O que é uma úlcera péptica?
A úlcera péptica é uma erosão do revestimento do estômago ou do duodeno (a primeira parte do intestino delgado). Essas úlceras são chamadas de úlceras pépticas porque estão relacionadas à atividade do ácido e da pepsina (importante enzima digestiva) nas células que revestem o estômago e o duodeno.
A úlcera péptica localizada no estômago é chamada de úlcera gástrica. Se é no duodeno é chamado uma úlcera duodenal.
Os sintomas podem variar um pouco entre esses dois tipos de úlcera péptica e seu médico pode tratá-los de forma um pouco diferente. Os médicos veem as pessoas com úlceras pépticas com muita frequência. A qualquer momento, até um por cento das pessoas em todo o mundo terá uma úlcera péptica.
Os sintomas da úlcera péptica podem se tornar bastante angustiantes. Pior, essas úlceras podem levar a conseqüências significativas, possivelmente com risco de vida. Felizmente, na maioria das pessoas elas podem ser curadas e complicações graves podem ser evitadas com terapia médica apropriada e com medidas para prevenir úlceras recorrentes.
Sintomas
O principal sintoma da úlcera péptica é a dor abdominal .
A maioria das pessoas descreverá uma dor persistente ou ardente, geralmente localizada na boca do estômago ou logo abaixo das costelas, no lado direito ou esquerdo.
O padrão de dor abdominal pode depender da localização da úlcera. Com as úlceras gástricas, a dor é freqüentemente agravada por uma refeição e, ocasionalmente, uma pessoa com uma úlcera gástrica pode (possivelmente inconscientemente) reduzir o consumo e até mesmo perder algum peso.
Em contraste, as úlceras duodenais tendem a produzir dor entre as refeições quando o estômago está vazio - a dor é muitas vezes aliviada ao comer alguma coisa. Pessoas com úlcera duodenal raramente perdem peso e podem realmente ganhar peso.
Se a úlcera péptica se torna grande o suficiente, ela pode erodir em um vaso sanguíneo e produzir sangramento. Os médicos chamam isso de " hemorragia digestiva alta ", já que o local da hemorragia está na parte superior do sistema gastrointestinal. Os sintomas de uma hemorragia digestiva alta podem ser bastante dramáticos e impossíveis de ignorar, como vomitar sangue vermelho vivo.
Por outro lado, se o sangramento for lento , os sintomas podem ser muito mais sutis e podem incluir o início gradual da fraqueza (da anemia ), tontura , palpitações (de um ritmo cardíaco acelerado), cólicas abdominais (causadas pelo sangue circulando, e irritante, os intestinos) e fezes de melena ou alcatrão (causadas pelo processo digestivo agindo no sangue no trato intestinal).
Uma úlcera péptica localizada na junção do estômago com o duodeno (um local chamado canal pilórico) pode causar bastante inchaço no revestimento do estômago para produzir uma obstrução parcial.
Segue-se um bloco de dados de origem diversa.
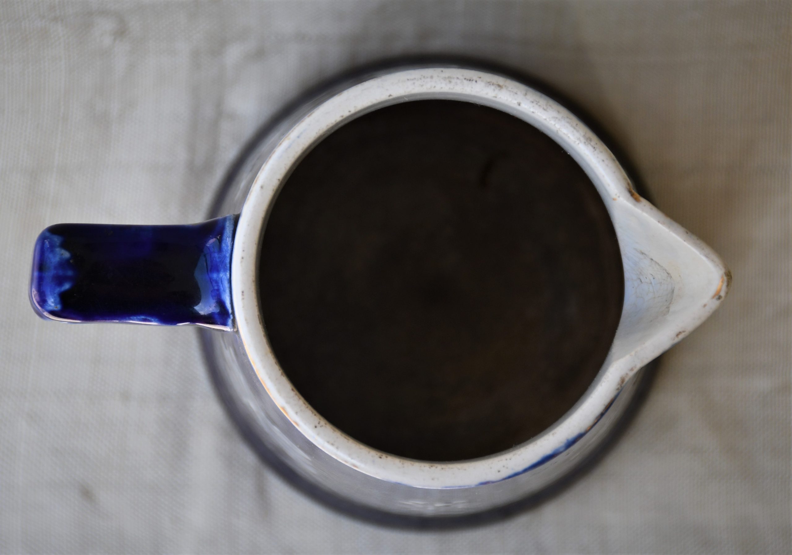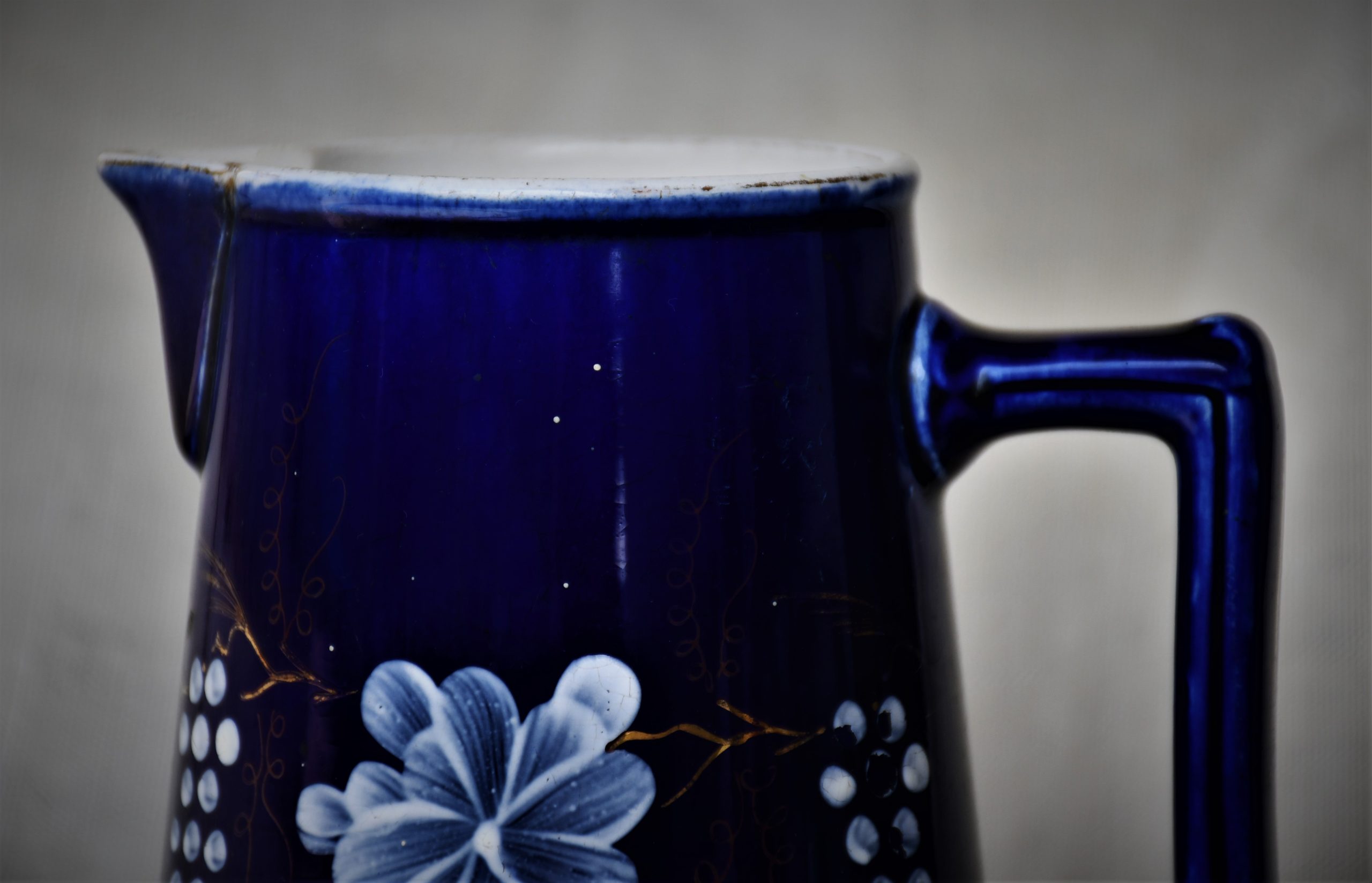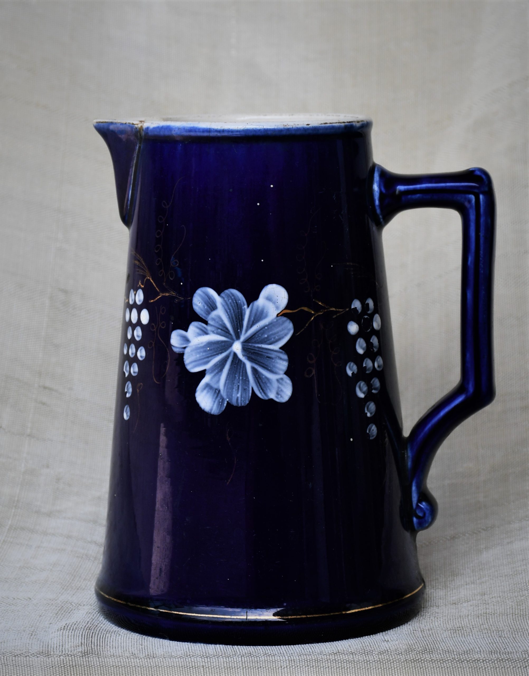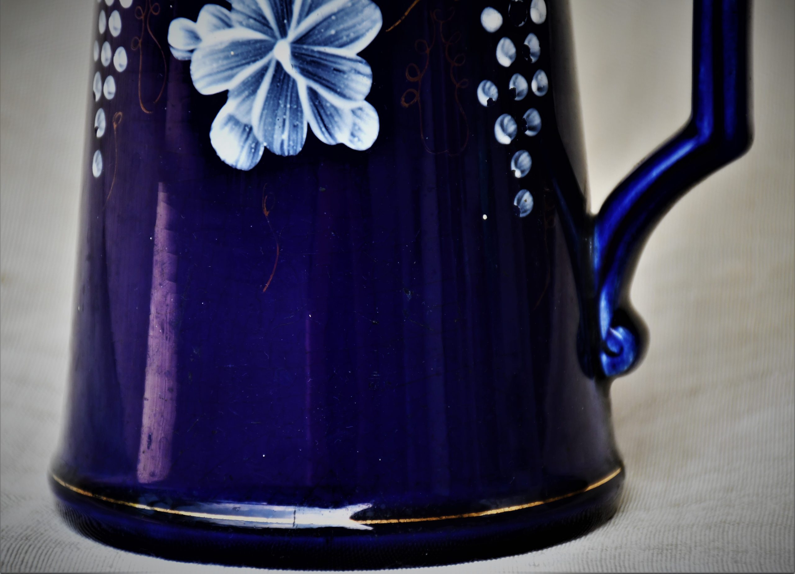 Датировка: късен 19-и век, Франция. Материал: фаянс с глазура. Кобалтов финиш отвън с флорална декорация. Вътре и дъното – бяло, което вече не е съвсем бяло.
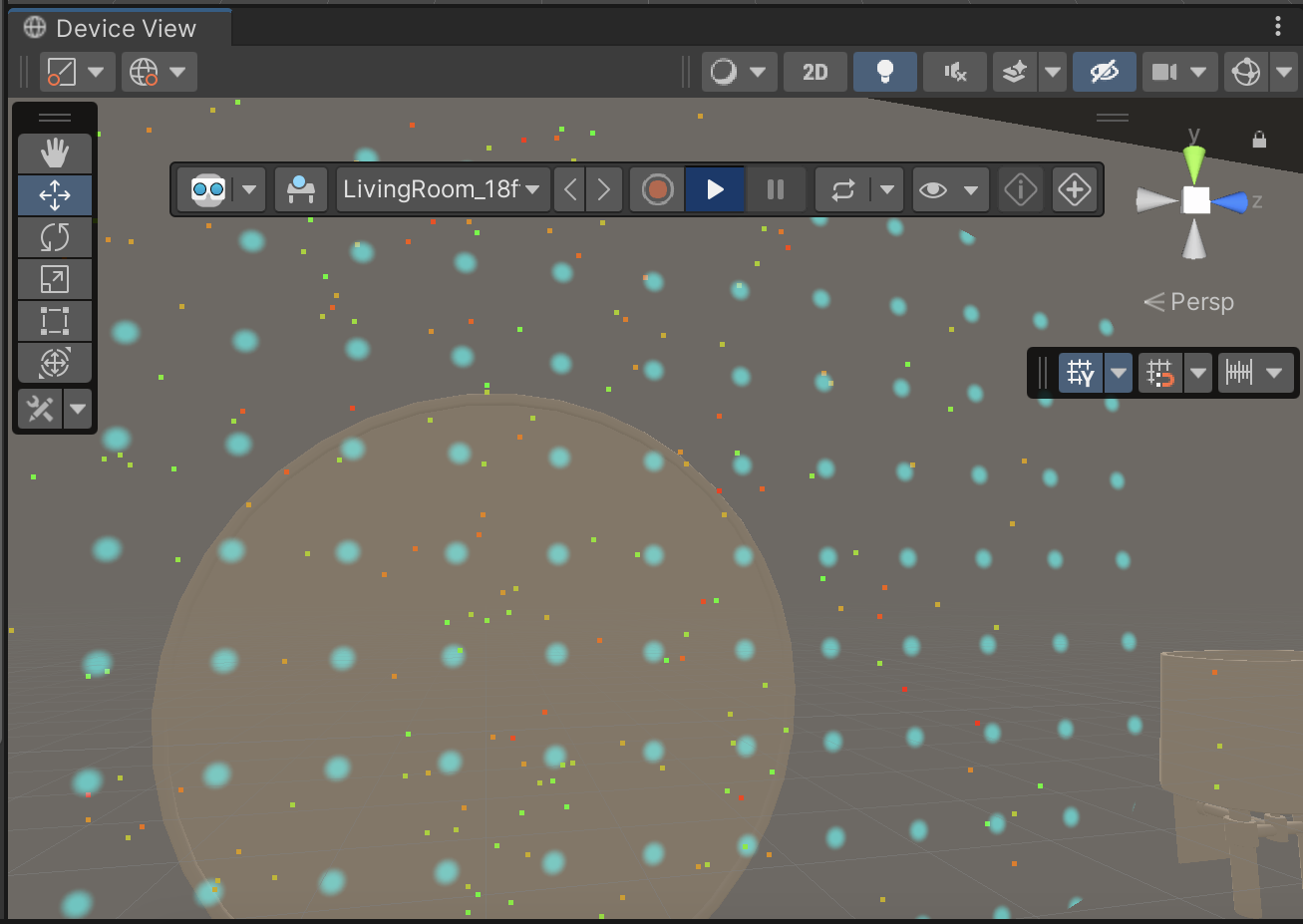 The Device view simulates the view from a physical mobile device running your AR app. You can use this window to navigate as if moving around with a device in the simulated environment. This device simulation means you can do things like detect planes or point clouds.
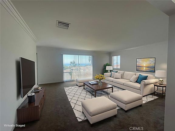 This second level unit sits on one of the highest elevations on Via San Juan, maximizing the breathtaking views and coastal charm. Unit features brand new appliances in the spacious kitchen. Fresh paint throughout, and new carpet just installed in both bedrooms and living room. Master Bedroom includes a full bath with marble tile in the tub shower. The 2nd bathroom includes a walk-in shower. Parking in the driveway, and a single garage space for a small car which also includes the washer & dryer.
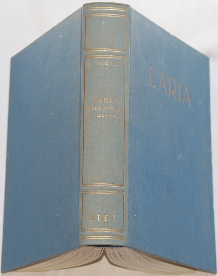 In 8. Dim. 26,5x20 cm. Pp. XXIII+718. Peso Kg. 2,400. Bel volume del 1952 sull'aria nella natura e nella vita scritto da Francesco Vercelli (1883-1952) professore nell'Accademia militare di Torino, addetto dopo la prima guerra mondiale all'Osservatorio geofisico di Trieste di cui fu direttore fino alla morte, professore all'Università di Padova. Vercelli compì notevoli ricerche oceanografiche tra le quali campagne nello Stretto di Messina. All'interno sono presenti due tavoli a colori e 621 figure nel testo. Tra gli argomenti trattati: L'atmosfera, La pressione dell'aria, Temperatura termometri energia raggiante, I regolatori della temperatura nell'aria, I fattori della temperatura e dell'equilibrio dell'aria, Il moto dell'aria, Classificazione dei venti, L'aria e l'acqua: meteore acquee, Circolazione atmosferica e perturbazioni, Fluttuazioni, Previsione del tempo, Fatori climatici, Aria e luce, Aria e suono, Aria e elettricità, Principi di bioclimatologia e meteoropatologia, Aria presso il suolo, Utilizzazione dell'aria, Le vie dell'aria, Sviluppi e tendenze dell'aviazione moderna ecc. In ottime condizioni. Copertina in tela editoriale in ottime condizioni generali con lievi usure ai margini e dorso. Legatura in buone condizioni. All'interno le pagine si presentano in ottime condizioni con rare fioriture. Beautiful volume of 1952 about air in nature and life written by Francesco Vercelli (1883-1952) teacher in the military academy of Turin, worker after the first world war of the Geophysical Observatory of Trieste of which he was director until his death, teacher in the University of Padova. Vercelli made huge ocean researches between them Campaigns in the Stretto di Messina. Isndie there are two coloured planches and 621 figures in the text. Between the issues treated: Atmosphere, Pression of the air, Temperature termometers energy, Regulators of temperature in the air, Movement of air, Classification of winds, Air and water: water meteors, Atmospheric circulation, Fluttuations, Prevision of climate, climatic factors, Air and light, Air and sound, Air and electricity, Principles of bioclimatology and meteoropatology, Air in the sole, Usage of air, Routes of air, Development and trends of modern aviation etc. In very good conditions. Editorial cloth cover in very good general conditions slightly worn in the edges and spine. Binding in good conditions. Inside pages are in very good conditions with occasional foxings.
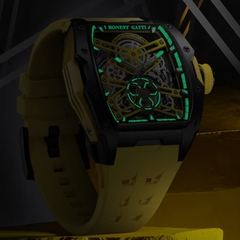 Đặc điểm nổi bật | - Phong cách thiết kế Sport watch dành cho những người đam mê thể thao tốc độ. Mặt thieets kế Skeleton độc đáo. - Chức năng: + Lộ tim tại góc 6h. + Case back xuyên thấu. |
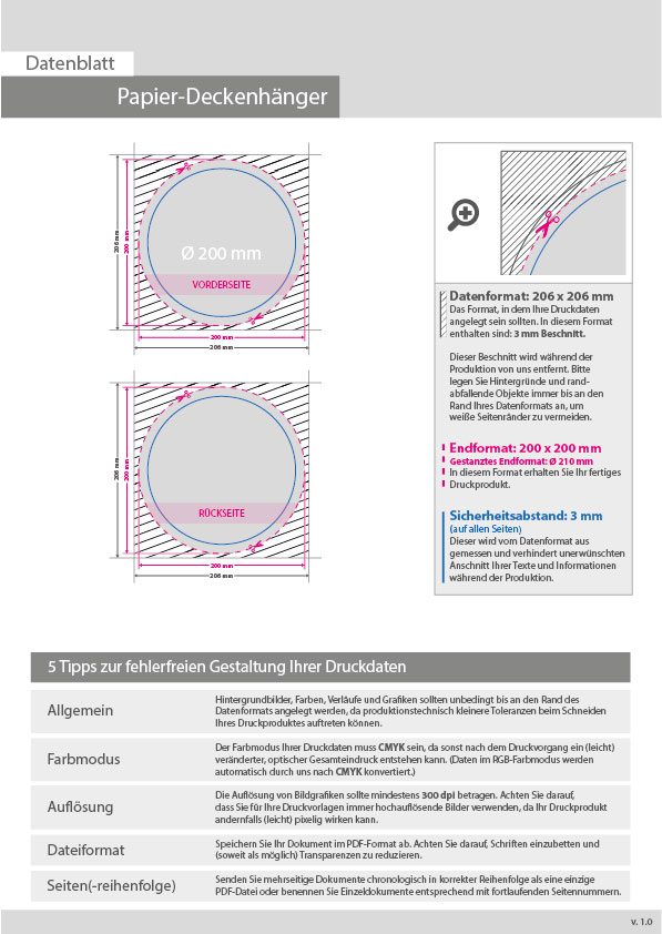 Papier-Deckenhänger 3-teilig, rund (Durchmesser 20 cm), 4/4-farbig beidseitig bedruckt
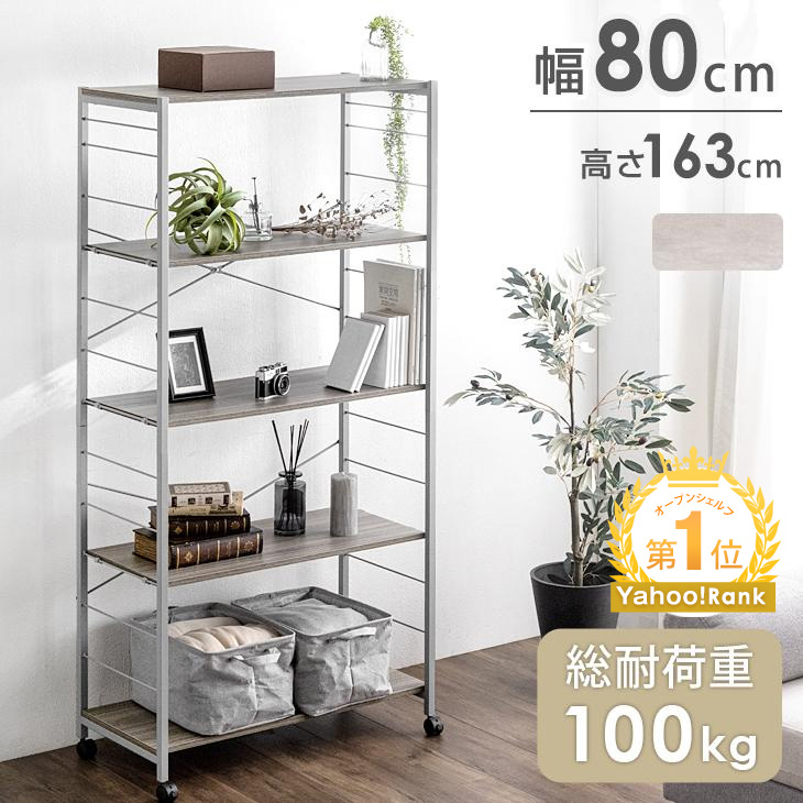 13日+5% シェルフ おしゃれ シェルフ棚 収納 幅80cm オープンシェルフ 5段 棚 スチールラック ラック 白 スリム 可動棚 キッチン
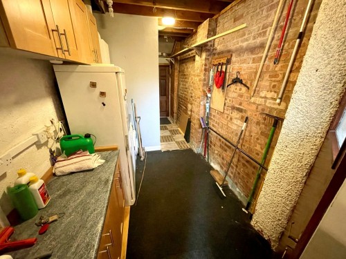 2.1m x 5.5m (6' 11" x 18' 1") max. Wall and base cupboards, plumbing for washing machine, wall mounted central heating boiler and doors to front and rear.
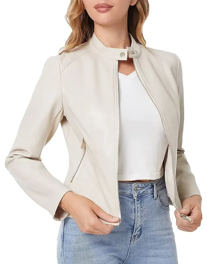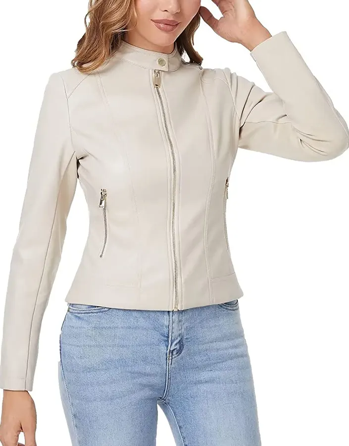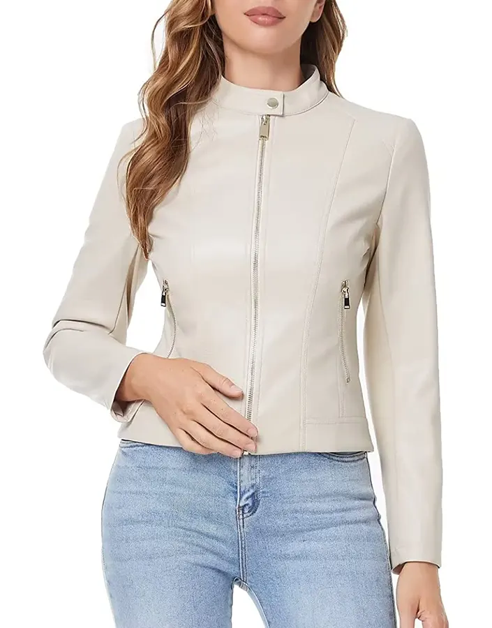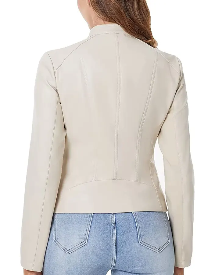 The beige faux leather jacket womens is an effortless yet stunning addition to your wardrobe, boasting a soft beige faux leather exterior with a slim fit for contemporary sophistication and elegant understated luxury. Crafted to exacting standards for superiority and designed to make an impression wherever worn! Perfectly complements any ensemble.
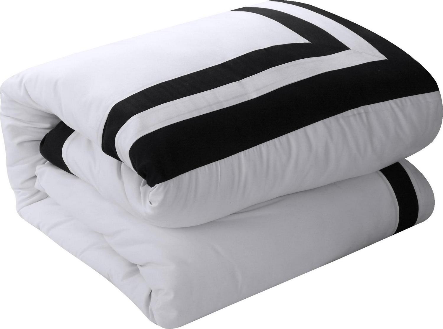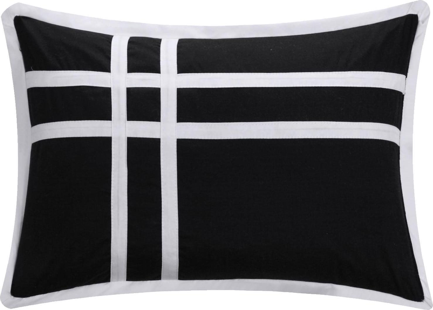 Decorate your entire bedroom with this masterful complete master bedroom ensemble. Color block piecing design appeals to a contemporary yet elegant sense of style. Super soft microfiber fabric is very soft and luxurious. This is a perfect set, in white, it includes all the tools needed to design and decorate a master suite. Decor pillows, a complete sheet set and 2 sets of window treatments allow you to add all the touches needed to enhance your bedroom decor.
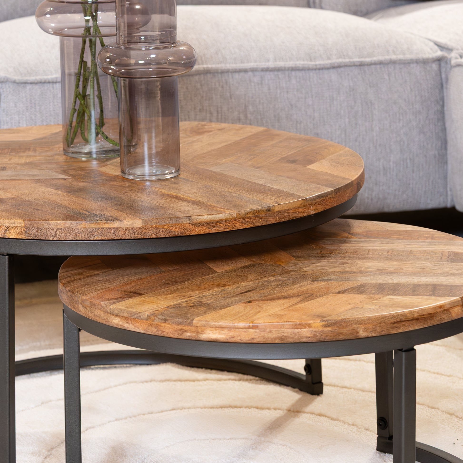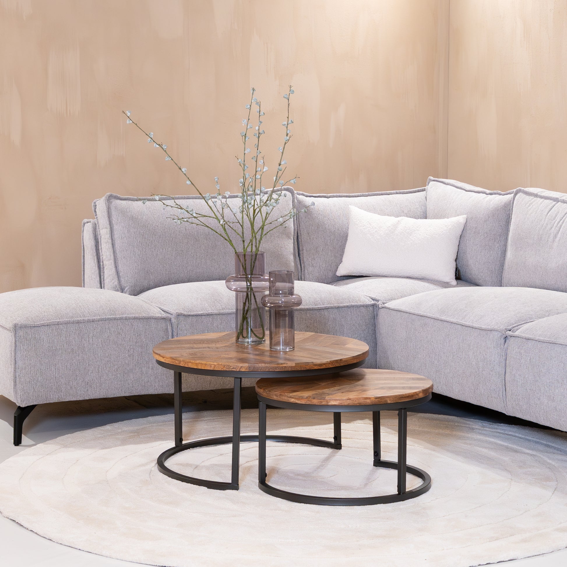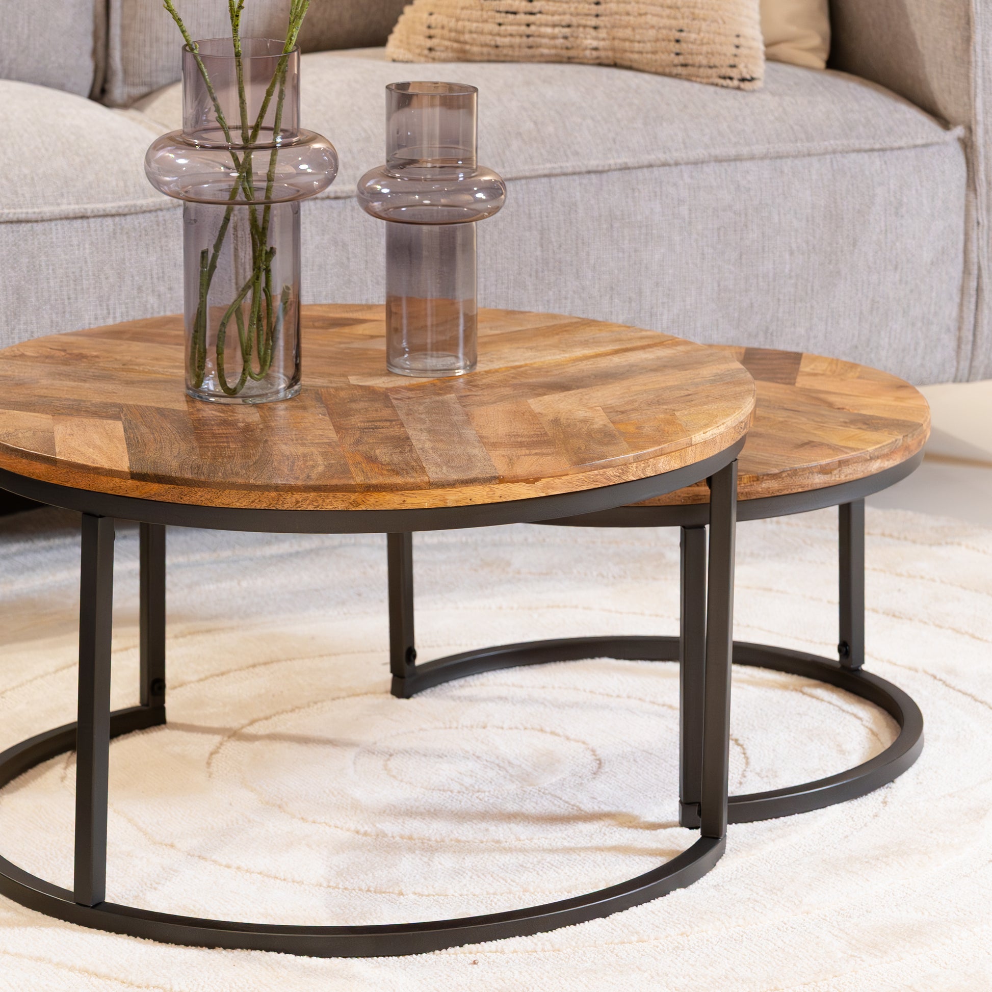 Afmetingen: Grote tafel Ø70x40 cm, kleine tafel Ø55x32 cm – flexibel inzetbaar in diverse ruimtes
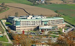 | Ostansicht des Rehabilitationszentrums (Rehab) der Pensionsversicherungsanstalt in der steiermärkischen Gemeinde St. Radegund bei Graz. Ab 2010 (Grundsteinlegung am 16.6.) wurde westseitig der alten Rehab-Anlage (von 1969 bis 1973 errichtet) auf einer Fläche (Bruttogeschossfläche) von rund 24.500 m² und nach Plänen des Architekten Hans-Jörg Tschom ein neues Rehab-Zentrum (Herz-Kreislauf-Rehabilitation) gebaut ( 1 , 2 ) und am 13. Juni 2014 feierlich eröffnetː 3 . Die neue Sonderkrankenanstalt am Südosthang des Schöckls hat 128 Einzelzimmer, eine Betten- (8 Einzel- und 7 Doppelzimmer) und eine Überwachungsstation (5 Einzel- und 2 Doppelzimmer)ː 4 . | Eigenes Werk | C.Stadler/Bwag | Datei:St. Radegund bei Graz - PVA-Rehabilitationszentrum.JPG | |

Nesse caso, os sintomas podem incluir inchaço, indigestão severa, náusea, vômito e perda de peso. Pessoas com úlcera péptica também têm uma chance relativamente alta de desenvolver doença do refluxo gastroesofágico (DRGE) e os sintomas associados a ela, especialmente azia .
Enquanto a úlcera péptica obviamente cria um potencial para muitos sintomas diferentes, uma proporção surpreendente de pessoas com úlceras pépticas (talvez até 50%) pode não notar nenhum sintoma em particular. Infelizmente, mesmo as úlceras pépticas que não produzem sintomas diretamente podem, em última instância, causar complicações significativas.
Leia mais sobre os sintomas das úlceras pépticas.
Complicações
Se a única coisa que as úlceras pépticas fizeram foi causar dor abdominal, elas podem não ser consideradas um problema tão significativo. Mas, como já vimos, eles podem fazer muito mais que isso!
As principais complicações da doença ulcerosa péptica incluem:
- Sangramento. Esta é a complicação mais comum da doença ulcerosa péptica. O sangramento pode ser lento e bastante sutil ou pode ser massivo e imediatamente fatal. Notavelmente, uma úlcera que sangra lentamente e pode ter passado despercebida pode eventualmente se tornar uma emergência médica aguda - se ela se deteriorar em um vaso sanguíneo.
- Obstrução da saída gástrica. Essa condição - um bloqueio na junção entre o estômago e o duodeno - pode ser causada por uma úlcera péptica ativa ou por cicatrizes crônicas devido a uma úlcera péptica prévia. Se a obstrução for grave, ou se uma obstrução moderada não for resolvida após um período razoável de terapia medicamentosa, a terapia cirúrgica pode ser necessária.
- Perfuração. Se uma úlcera péptica se erodir inteiramente através da parede do estômago ou duodeno, pode causar perfuração. Uma perfuração pode permitir que o ácido do estômago vaze para a cavidade abdominal, causando dor abdominal generalizada e, às vezes, choque . Perfuração de uma úlcera péptica é uma condição com risco de vida. O tratamento requer terapia cirúrgica.
- Fístula. A úlcera péptica também pode perfurar um órgão abdominal adjacente e formar uma fístula (isto é, uma conexão) entre o estômago ou o duodeno e uma estrutura adjacente. As fístulas podem se formar com o cólon, a árvore biliar, o pâncreas ou um grande vaso sangüíneo. Dependendo do órgão envolvido, os sintomas podem variar de vomitar material feculento a hemorragias agudas, massivas ou fatais. Semelhante à perfuração, a terapia cirúrgica é necessária para o tratamento.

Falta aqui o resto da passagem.